Your assignment ▸ Everything from the line with "Голям капацитет: преносим" through the final line of the listing below must be retyped exactly, apart from the pictures.

Provided information ▸
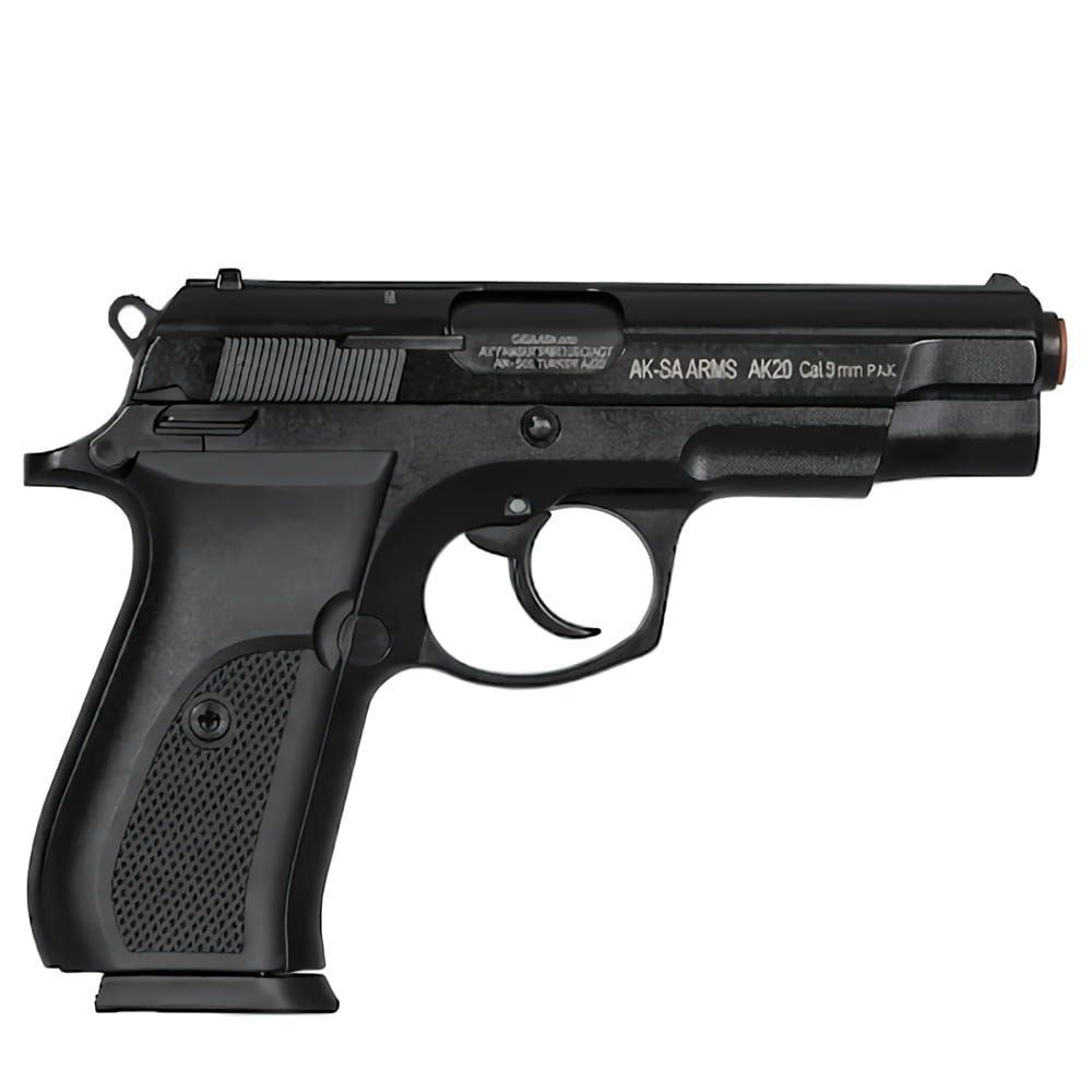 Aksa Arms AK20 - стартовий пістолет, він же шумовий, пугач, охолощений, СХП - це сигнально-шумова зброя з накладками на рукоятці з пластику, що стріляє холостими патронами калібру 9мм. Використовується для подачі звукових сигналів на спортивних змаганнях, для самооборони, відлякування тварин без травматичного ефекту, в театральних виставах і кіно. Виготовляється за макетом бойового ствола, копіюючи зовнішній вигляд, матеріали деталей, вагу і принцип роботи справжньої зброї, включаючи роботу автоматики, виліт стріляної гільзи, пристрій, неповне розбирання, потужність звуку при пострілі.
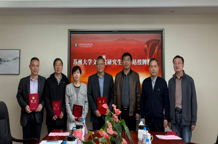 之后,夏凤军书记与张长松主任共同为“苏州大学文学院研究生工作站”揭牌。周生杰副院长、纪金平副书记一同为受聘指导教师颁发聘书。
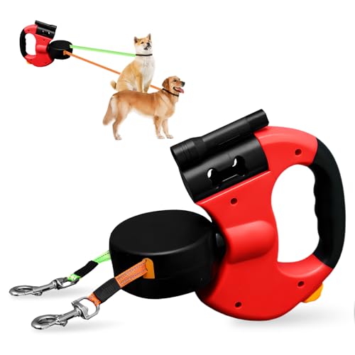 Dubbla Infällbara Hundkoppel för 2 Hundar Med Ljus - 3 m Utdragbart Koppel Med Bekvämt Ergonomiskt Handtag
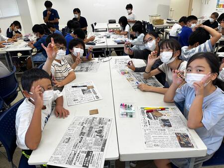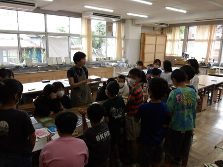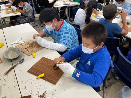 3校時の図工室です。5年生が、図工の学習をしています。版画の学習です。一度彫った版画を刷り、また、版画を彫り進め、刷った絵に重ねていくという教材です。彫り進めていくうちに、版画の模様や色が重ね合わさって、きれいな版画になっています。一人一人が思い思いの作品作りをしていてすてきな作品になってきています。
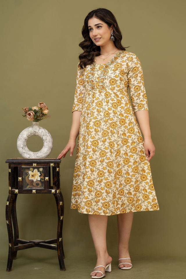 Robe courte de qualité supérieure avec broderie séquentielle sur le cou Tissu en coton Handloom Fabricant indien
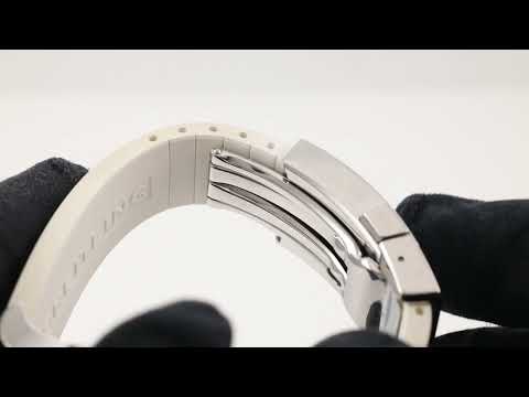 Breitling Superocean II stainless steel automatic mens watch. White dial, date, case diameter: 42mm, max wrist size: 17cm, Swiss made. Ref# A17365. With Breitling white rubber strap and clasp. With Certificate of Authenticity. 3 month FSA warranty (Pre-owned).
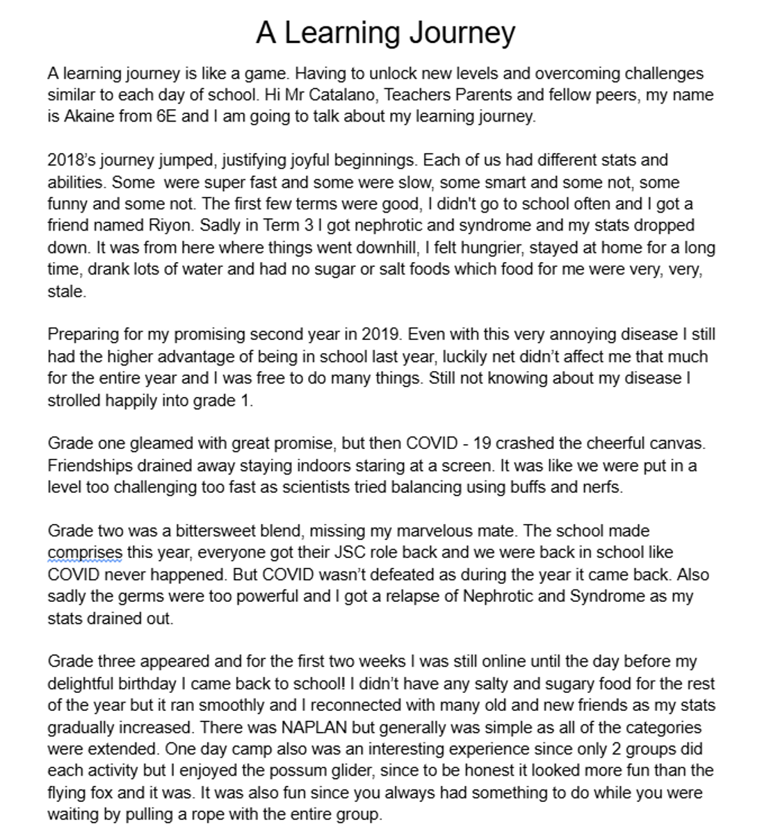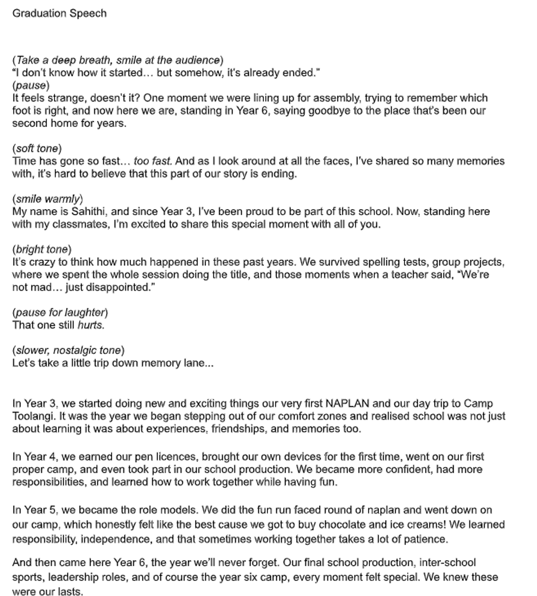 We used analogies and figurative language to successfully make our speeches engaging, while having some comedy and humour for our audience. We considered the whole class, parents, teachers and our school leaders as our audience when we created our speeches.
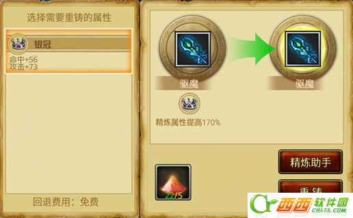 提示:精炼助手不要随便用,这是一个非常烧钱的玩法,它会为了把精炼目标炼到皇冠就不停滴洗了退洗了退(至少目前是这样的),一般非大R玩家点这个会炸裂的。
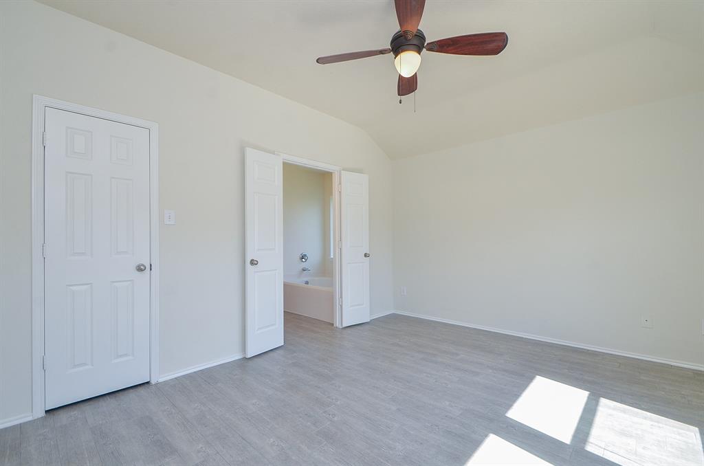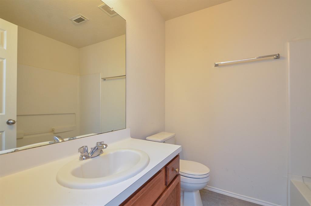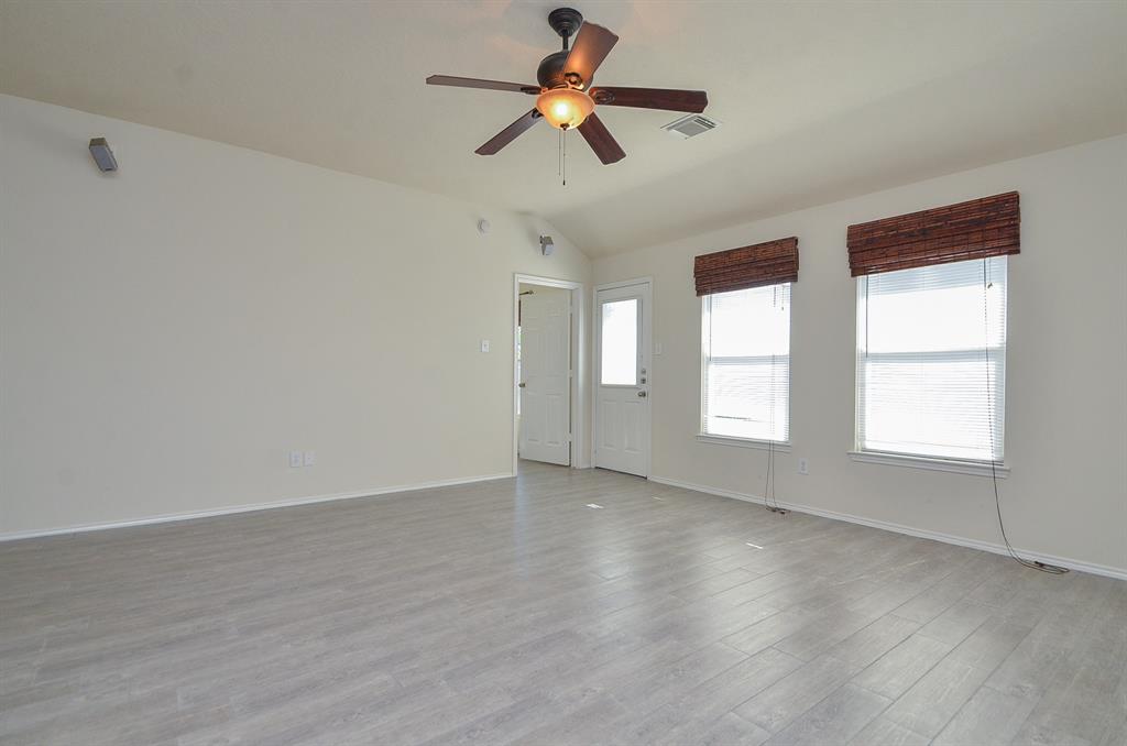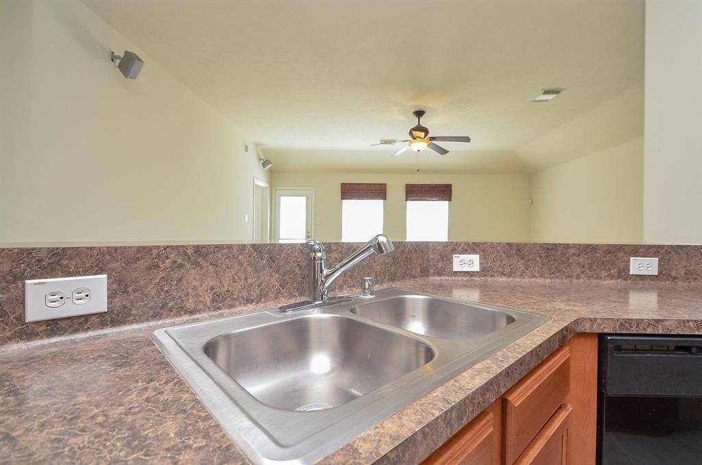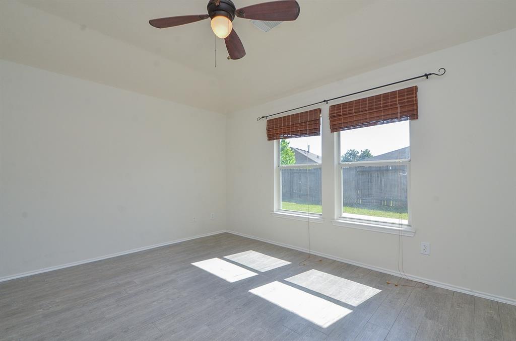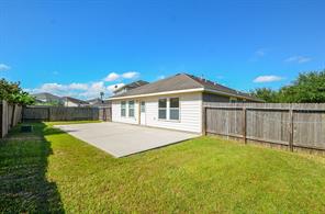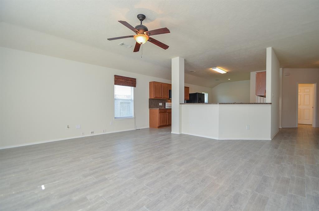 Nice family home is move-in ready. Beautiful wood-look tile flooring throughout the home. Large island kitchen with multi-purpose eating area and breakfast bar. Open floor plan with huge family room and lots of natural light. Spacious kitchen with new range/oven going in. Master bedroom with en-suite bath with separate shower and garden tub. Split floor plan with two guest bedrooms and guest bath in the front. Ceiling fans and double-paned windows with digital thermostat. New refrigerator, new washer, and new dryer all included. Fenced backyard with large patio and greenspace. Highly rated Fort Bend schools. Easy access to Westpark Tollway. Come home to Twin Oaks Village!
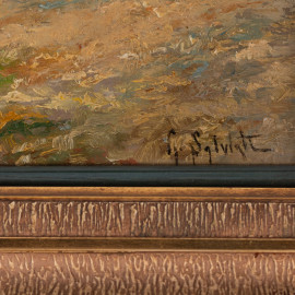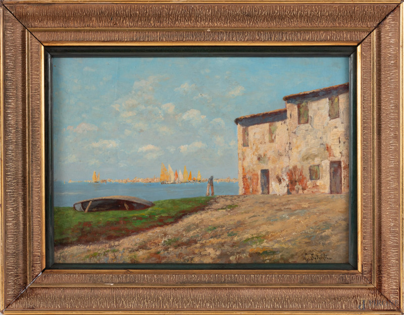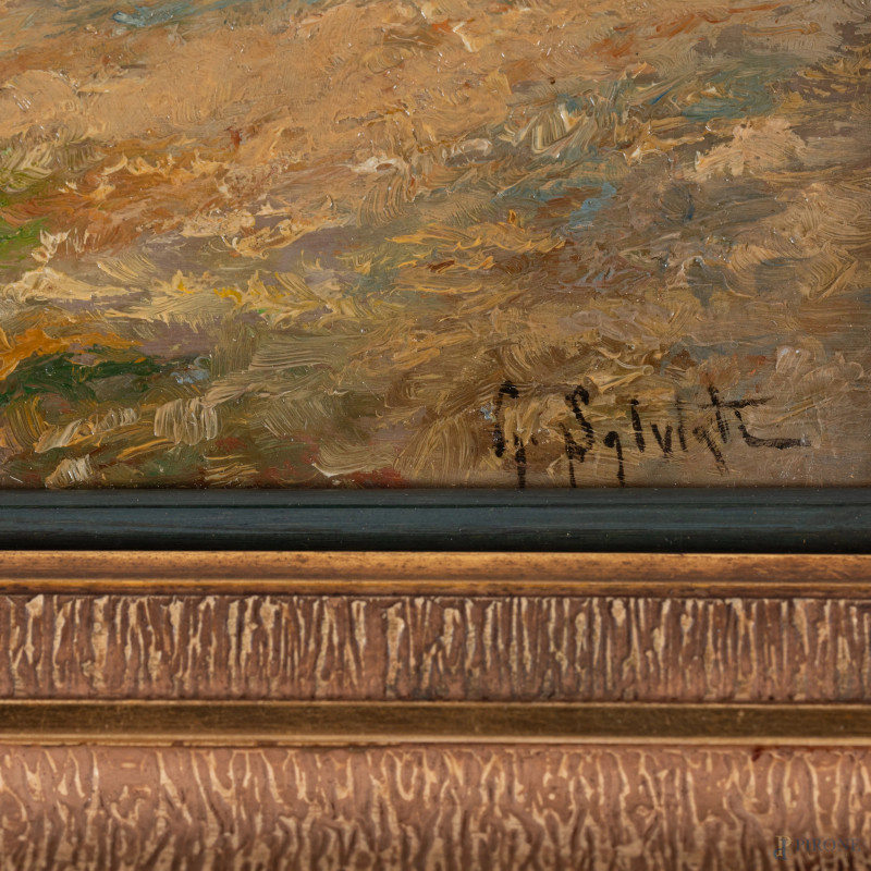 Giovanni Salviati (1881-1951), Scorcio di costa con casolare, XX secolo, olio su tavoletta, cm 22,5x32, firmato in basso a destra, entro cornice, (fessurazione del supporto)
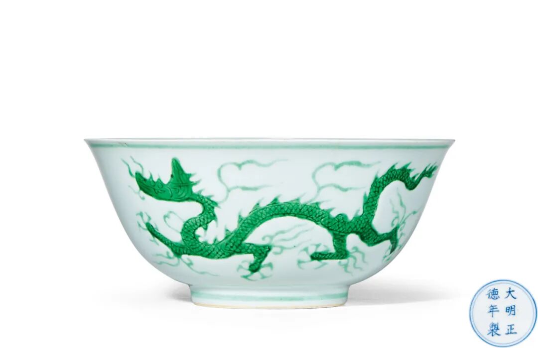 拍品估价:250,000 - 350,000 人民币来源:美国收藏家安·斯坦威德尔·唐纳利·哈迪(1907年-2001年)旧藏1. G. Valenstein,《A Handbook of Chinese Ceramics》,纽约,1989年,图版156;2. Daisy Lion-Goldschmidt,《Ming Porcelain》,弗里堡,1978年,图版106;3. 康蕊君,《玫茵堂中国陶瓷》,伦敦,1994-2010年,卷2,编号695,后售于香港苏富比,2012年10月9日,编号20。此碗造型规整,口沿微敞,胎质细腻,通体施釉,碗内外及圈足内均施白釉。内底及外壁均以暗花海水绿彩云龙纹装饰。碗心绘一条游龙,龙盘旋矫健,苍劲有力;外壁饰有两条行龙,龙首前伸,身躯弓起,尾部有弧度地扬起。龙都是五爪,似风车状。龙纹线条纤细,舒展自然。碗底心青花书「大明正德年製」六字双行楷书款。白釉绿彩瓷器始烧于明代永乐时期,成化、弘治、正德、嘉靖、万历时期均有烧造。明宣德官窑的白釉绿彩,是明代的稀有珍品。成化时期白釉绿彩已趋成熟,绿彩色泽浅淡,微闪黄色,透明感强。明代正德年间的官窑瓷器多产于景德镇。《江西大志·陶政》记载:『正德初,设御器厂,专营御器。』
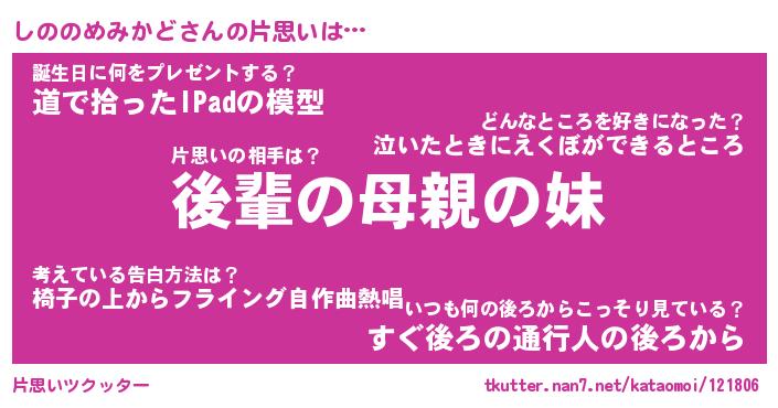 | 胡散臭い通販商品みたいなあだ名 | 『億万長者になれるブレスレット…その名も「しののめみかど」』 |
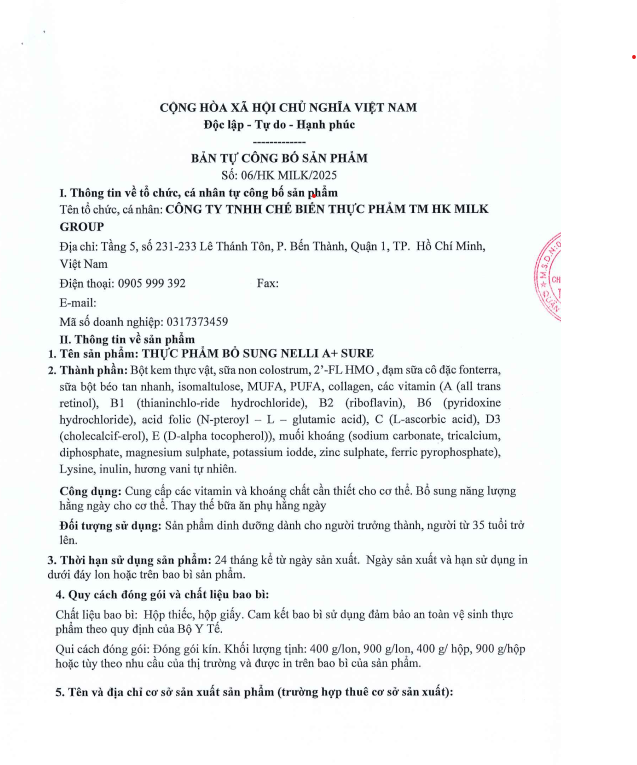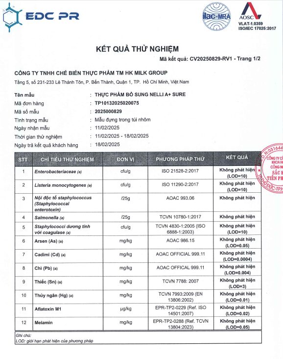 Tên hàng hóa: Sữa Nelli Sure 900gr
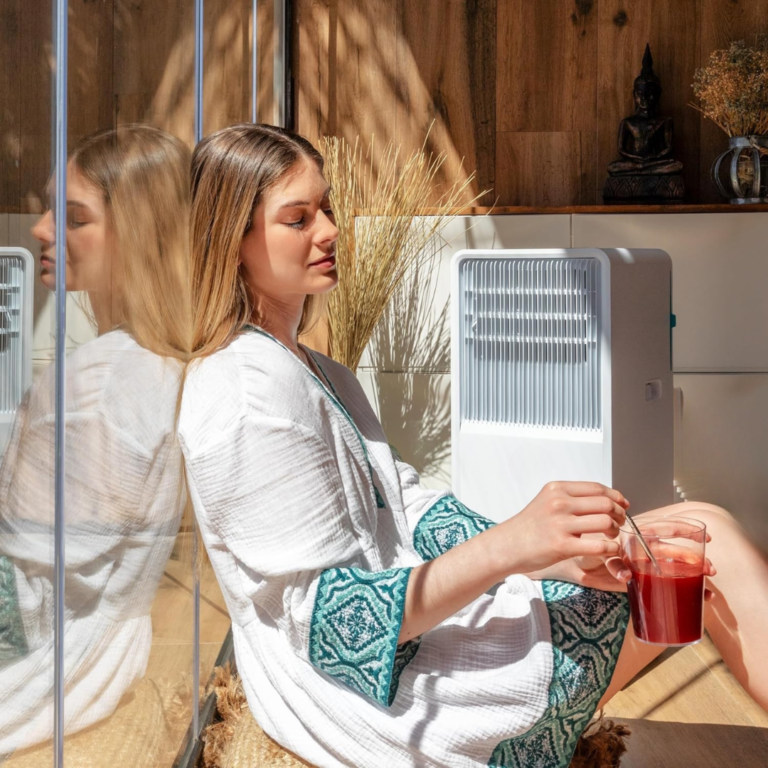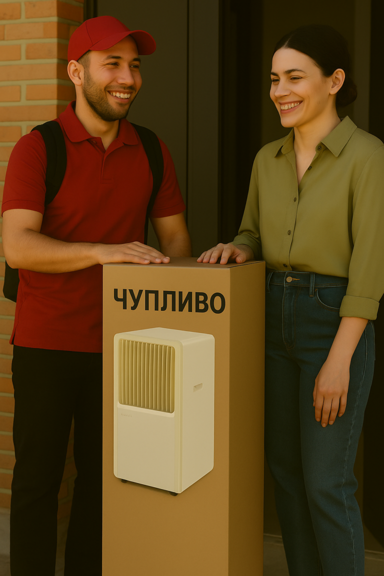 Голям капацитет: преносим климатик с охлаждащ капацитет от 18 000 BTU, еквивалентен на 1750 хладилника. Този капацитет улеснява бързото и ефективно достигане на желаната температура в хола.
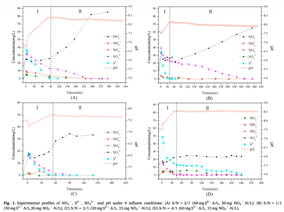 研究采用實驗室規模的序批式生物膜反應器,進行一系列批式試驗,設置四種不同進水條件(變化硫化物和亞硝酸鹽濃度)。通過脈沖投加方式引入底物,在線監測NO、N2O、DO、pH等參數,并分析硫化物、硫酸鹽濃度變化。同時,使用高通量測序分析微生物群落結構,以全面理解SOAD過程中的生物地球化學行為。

Response for this exercise ▸
 Голям капацитет: преносим климатик с охлаждащ капацитет от 18 000 BTU, еквивалентен на 1750 хладилника. Този капацитет улеснява бързото и ефективно достигане на желаната температура в хола.
 研究采用實驗室規模的序批式生物膜反應器,進行一系列批式試驗,設置四種不同進水條件(變化硫化物和亞硝酸鹽濃度)。通過脈沖投加方式引入底物,在線監測NO、N2O、DO、pH等參數,并分析硫化物、硫酸鹽濃度變化。同時,使用高通量測序分析微生物群落結構,以全面理解SOAD過程中的生物地球化學行為。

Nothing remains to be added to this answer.